What is with these things?! I want some fun assignments.
I’m going to ignore this question, as there is no one I feel (which is probably not right of me) that I have to forgive. There’s people that should ask me to forgive them…can I put them down?
Let’s go the Biblical route and further show how off base I am. These verses come to mind:
(Matthew 18:21-22) 21 Then Peter came and said to him, “Lord, how often shall my brother sin against me, and I forgive him? Until seven times?” 22 Jesus said to him, ““I don’t tell you until seven times, but, until seventy times seven.
(Mark 11:25) And when you stand praying, if you hold anything against anyone, forgive him, so that your Father in heaven may forgive you your sins.
(Luke 17:4) If he sins against you seven times in the day, and seven times returns, saying, ‘I repent,’ you shall forgive him.
(Ephesians 4:32) And be kind to one another, tenderhearted, forgiving each other, just as God also in Christ forgave you.
So, before really going into these verses, which we all know and love, let me just say this. If I write here who it is I feel I have to forgive, it’s going to:
- prove that I haven’t yet, and by default how I’m not listening to God completely
- bring to the attention of others the fact that I feel I’ve been wronged and call out some people
- show how long I can remember things/hold a grudge (you’d be impressed)
All things I don’t wish to do, sorry.
We are urged, commanded, instructed, told to forgive. We’ve had this talk in Sunday School, and last week I started a section in my devotional, the difference in forgiveness and what we tend to think we have to do, which is “forgive and forget.” We are never commanded to “forget.” We are told to forgive up to 70 times 7, and also to forgive as many times as someone repents (seems like a good loophole). I don’t think God wants us to forget things. It’s a protective action to remember.
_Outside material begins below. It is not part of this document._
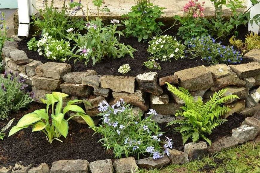 Если клумба небольшая и невысокая, ее можно обложить красивыми булыжниками или кирпичом. Такой цветник при необходимости передвигается без особых усилий.

We should always remember who has done something against us, or what they did, I’m not saying dwell on it, but if you don’t remember, then I think you’re just a sitting duck waiting for them to do it again, because you’ve allowed them to do it once before (or numerous times if you “forgot”). “Those who forget history are doomed to repeat it.” Yeah, I know it’s not a verse, but it’s smart.
I think God wants us to forgive, because we can only be close to him when we allow him to handle how other people treat us. It is his job to punish, teach, lead, convict them, not ours. It also shows others His love through us, what he did for us is mirrored by our actions to others. They can see His forgiveness through ours. Hence, the commands.
Where the line bleeds for me (aka “my excuse”), is that I don’t think everyone listens to God, hence I don’t feel like they’re going to “get it” when God tells them “hey, you need to apologize to Mel.” So once I feel wronged, I feel like it’s my job to cut my losses and move on. Truthfully, if I’m not around them, or talking to them or they aren’t a part of my life anymore, then I don’t feel angry or upset, or “wronged” and can effectively (for me) move on comfortable in the knowledge that I handled it. Apparently, I’m very wrong. I’m just gonna sit here and be wrong in my wrongness for a minute…
Ok. Yep, still wrong. I have the uncanny ability to remember why you’ve pissed me off, and argue it until you get it, or just ignore you. I don’t have a conscience about this. It’s a fault, and I’m not even really concerned about it (I swear I’m not that arrogant – most of the time). That goes into the whole “protect” mode I have going on. I did not say it’s right, but it’s me.
So, I admit I’m not the person to ask for advice on forgiveness, unless you just want the rules. I got those down.